Het kookgerei dat meestal een wok wordt genoemd, is een halfronde holle pan.
De wok is afkomstig uit de Chinese keuken, waar het al eeuwenlang wordt gebruikt. De naam “wok” komt van het Kantonese woord “wok“, wat “pan” betekent.
Een wok is typically dieper en meestal dunner dan een koekenpan. Deze kenmerken maken hem perfect voor roerbakken, wat ook wel wokken wordt genoemd. De hoge randen zorgen ervoor dat het voedsel gemakkelijk in de pan kan worden omgeschept en geroerd zonder dat het eruit valt.
Naast roerbakken kan een wok ook worden gebruikt voor stoven, frituren, braden, roken, koken en blancheren.
Woks zijn er in verschillende materialen, zoals gietijzer, koolstofstaal, roestvrijstaal en anti-aanbak. Het materiaal dat je kiest, hangt af van je kookbehoeften en voorkeuren.
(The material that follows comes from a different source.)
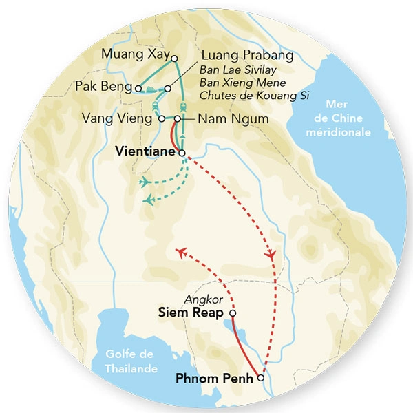 Embarquement matinal à bord d’un bateau joliment et confortablement aménagé pour un petit moment de détente. Profitez des premières lueurs de la journée pour une croisière (2h env.) au milieu de petits ilots caractéristiques du lac, et des stations de pêches flottantes faites de bambous et de filets. Départ pour Vientiane. En fonction de l’horaire de vol, transfert à l’aéroport et envol vers la France. (P.déj-Déj).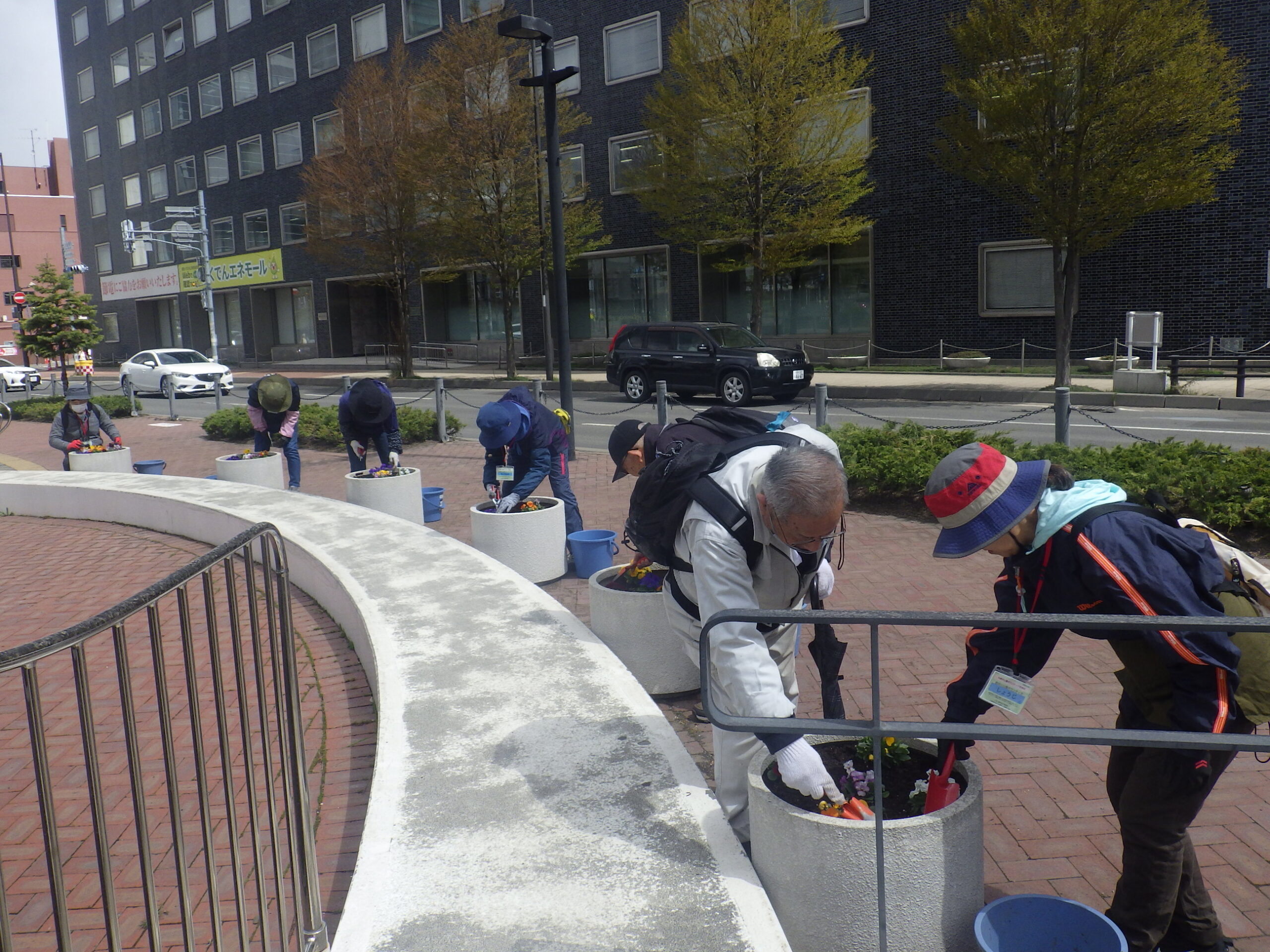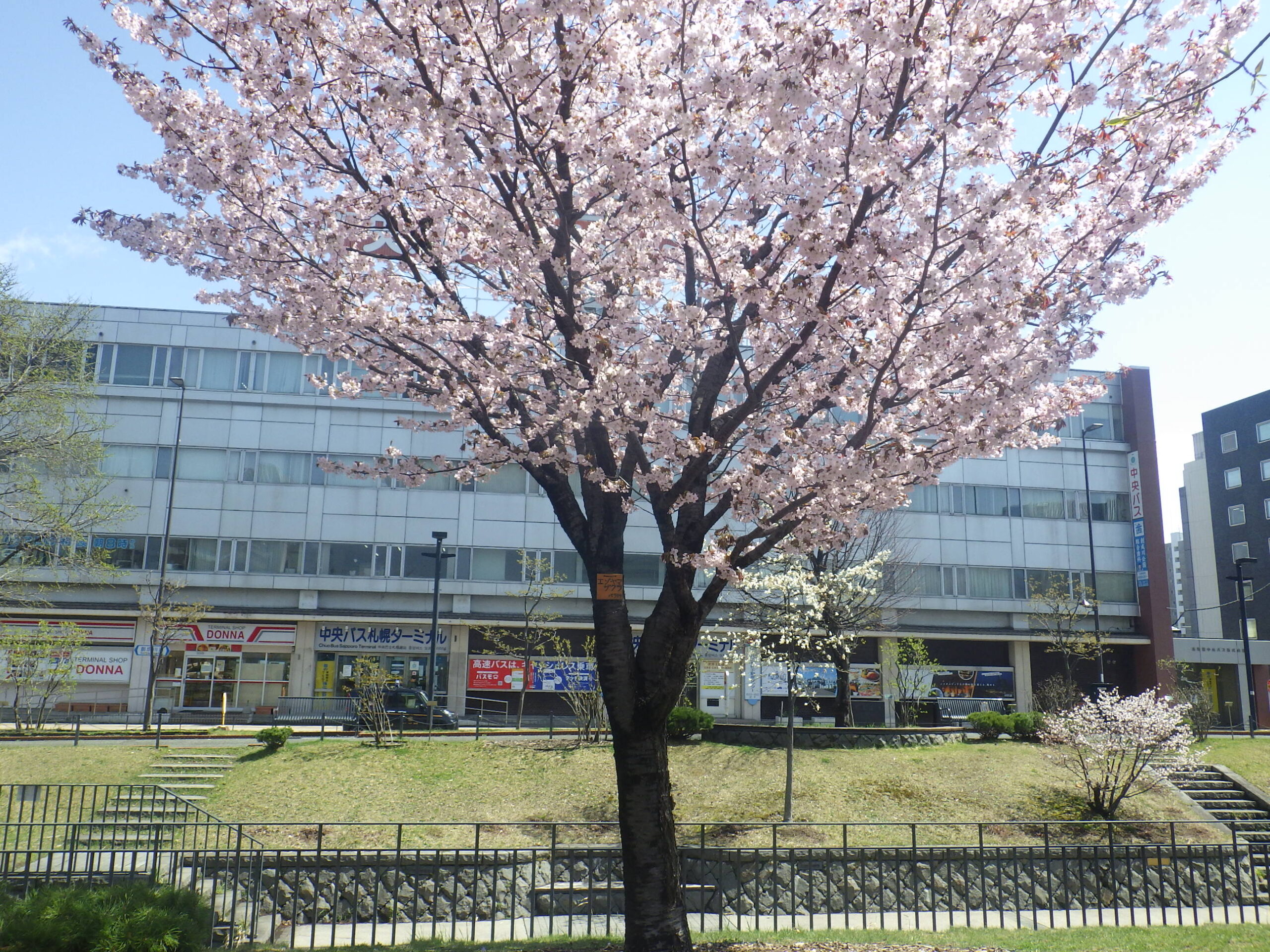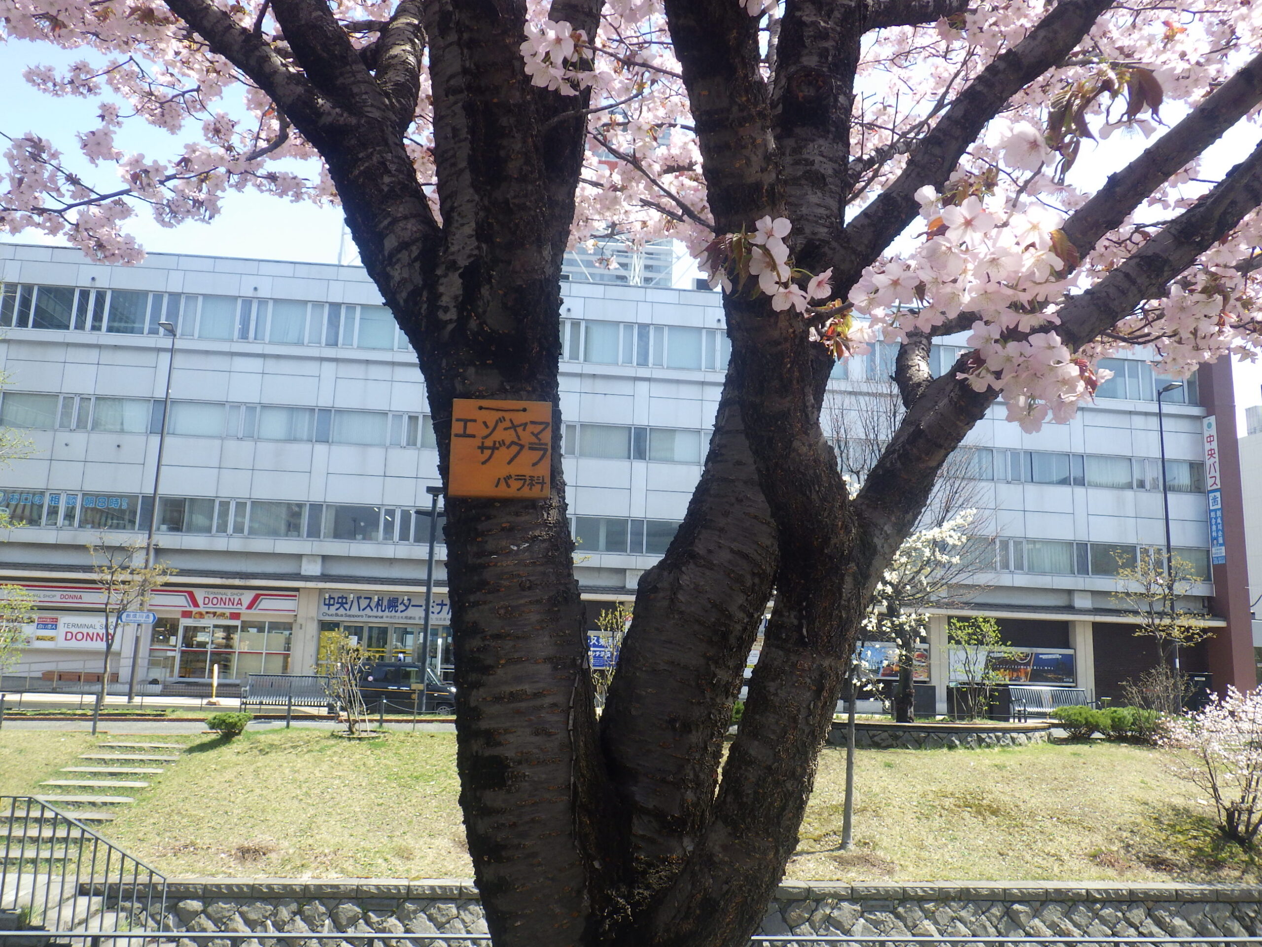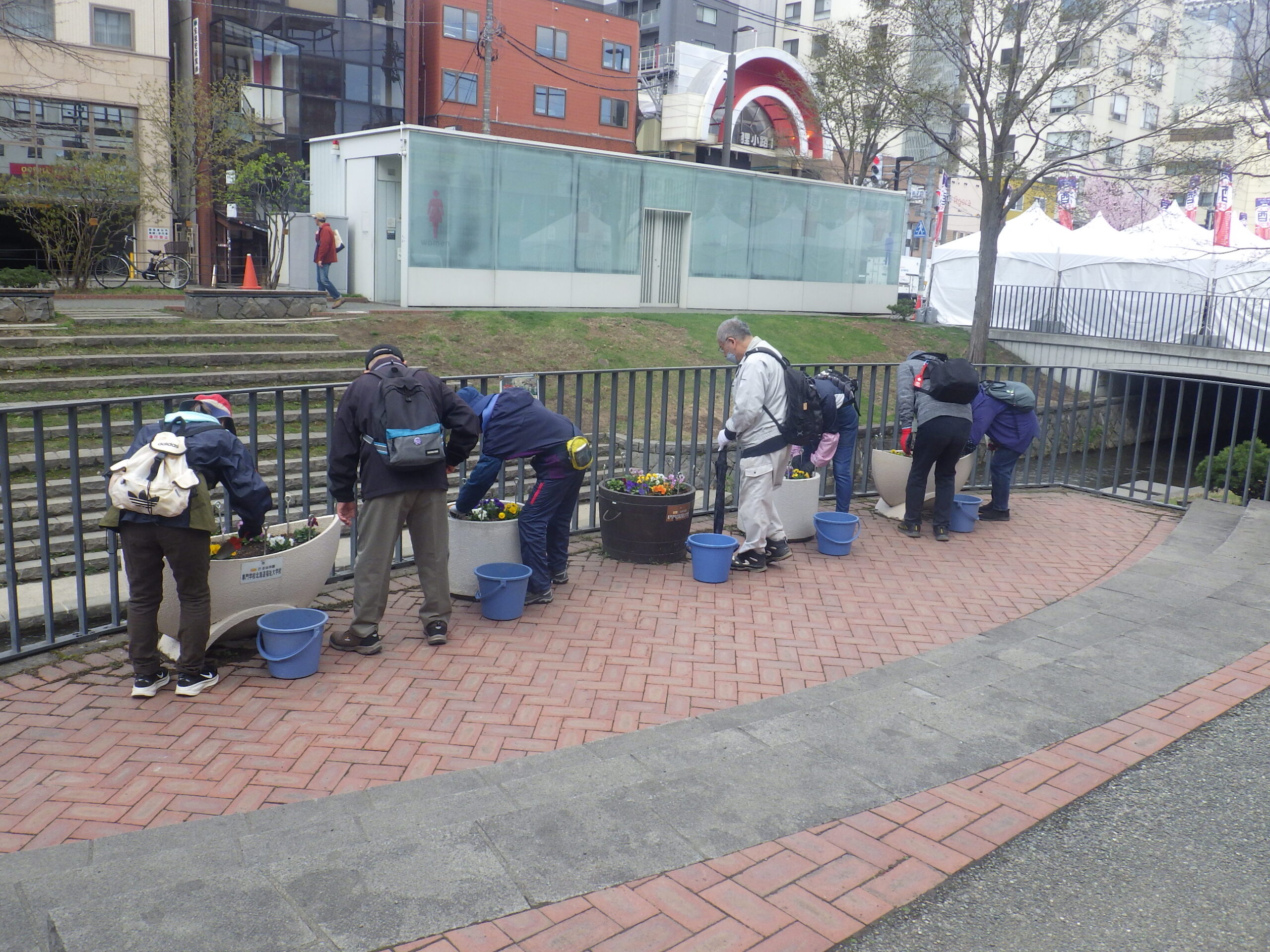 4月21日火曜日、企業さんが公園の清掃活動をしてくれていました。 同じ4月21日火曜日、植物ボランティアでは北1条の樹名板の取り付け作業を行いました。 樹名板が取り付けられた、満開のエゾヤマザクラです。 4月22日水曜日、お助け隊では花壇と園路の除草作業をして春の公園をきれいにしました。 4月23日木曜日、花くらぶは先週植えたビオラのお手入れです。 公園ボランティアさんのお力で、公園が着実に春を迎えていきます。

Enkele kenmerken van een wok:
- Halfronde vorm: Deze vorm zorgt voor een gelijkmatige warmteverdeling en maakt het gemakkelijk om voedsel om te scheppen en te roeren.
- Diepe randen: De hoge randen voorkomen dat voedsel uit de pan spat.
- Dun materiaal: Dunne woks warmen snel op en koelen snel af, wat ideaal is voor roerbakken.
- Lange steel: De lange steel houdt je handen weg van de hitte.
Woks zijn een veelzijdig stuk kookgerei dat in elke keuken thuishoort. Met een wok kun je in een mum van tijd heerlijke en gezonde maaltijden bereiden.